Thanks folks, the fireplace itself is just about done. The tile is setting right now so I will be able to move the mantel down for some final measurements and tweaking this weekend. I plan to have it overlay the tile a bit and need to take care of that process. I will also wait to measure the top of the mantel and get it cut and prepped after I get it against the wall. I plan to finish it to match the trim, which is Varathane Provencial color, then I will probably use a water based poly on top. It is so humid out here right now that you need a snorkel and goggles just to go outside, so I want to finish it inside, which limits me to water based because of the low VOC and my family. I'll update as soon as she's done. I've got several other things to post here too that I need to apply a finish too, so I'm gonna be going finish crazy here for the next couple weeks.


----------



## Kenbo (Sep 16, 2008)

Wow, that's some solid looking mantel. I love it. Looking forward to seeing the finished product once it is installed. Awesome stuff ACP.


----------



## jlord (Feb 1, 2010)

Very nicely done.


----------



## Chippin-in (Feb 4, 2010)

Looks great ACP. Nice work. Cant wait to see it finished and wrapped that fireplace.

Robert


----------



## ACP (Jan 24, 2009)

*Progress on the mantel.*

I've been busy and waiting for the fireplace installer to finish up, but I did get it finished and stained. I'm going to apply the poly topcoats today and tomorrow and get that back wall painted. It should be completely done Thursday. I'll post the final final pics then. Thanks for looking and for all the comments so far.


----------



## Streamwinner (Nov 25, 2008)

Fabulous!


----------



## ACP (Jan 24, 2009)

*Finished!*

I finished it up and it's installed.
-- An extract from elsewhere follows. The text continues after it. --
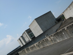 鳥取まで行ったついでというか、コッチが本命だったというか、以前からずっと行きたかった「植田正治写真美術館」へ行ってきました。戦後すぐに、演出写真を製作した驚くべき写真家なんです。絶対非演出のリアリズム写真の対極にあり、当時はお芸術写真として批判を受けました。 それでも一貫した個性的な演出は鳥取砂丘を舞台とした名作「砂丘シリーズ」を生み出しました。晩年は福山雅治さんのCDジャケット撮影をするなどし、最後まで活躍の場を広げていきました。その植田さんの作品を展示しているのが、大山を一番キレイに見れる場所にあります。逆さ大山が水に移り、コンクリートの打ちっ放しの建物がフレームのように写り、彼が演出した大山が日本一キレイな山としてその姿を見せてくれます。
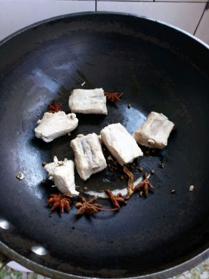 排骨凉水下锅开锅出锅后用水洗一下。 下锅炒后再放入花椒大料。

Trims back in place. Top is on. We are pretty happy with how it finished up. I used shellac as a barrier coat and water based poly on the top coat. It's my best finish to date. Smooth and tough. This is my first time using shellac, and I love it. It makes a great barrier coat to stop the grain raising. (Rest easy, it's de-waxed). Thanks for all the kind words and comments!


----------



## ACP (Jan 24, 2009)

*Finished!*

I finished it up and it's installed. Trims back in place. Top is on. We are pretty happy with how it finished up. I used shellac as a barrier coat and water based poly on the top coat. It's my best finish to date. Smooth and tough. This is my first time using shellac, and I love it. It makes a great barrier coat to stop the grain raising. (Rest easy, it's de-waxed). Thanks for all the kind words and comments!


----------



## Kenbo (Sep 16, 2008)

Wow!!!!!!!!!!!!  I am in absolute awe of this one. Perfect fit, clean looking, great design etc. You should be proud of this one. Heck knows I would be. I'd be getting this one printed on a t shirt with the caption of "I made this" above it. Great work man. A real masterpiece!!!
Ken


----------



## Woodtick (Jun 21, 2011)

Awesome work and I love the grain pattern looks as tho that lumber was From a tree grown specifically meant for this project


----------



## Ted Tolstad (Feb 20, 2011)

Awesome work. A project to be proud of.


----------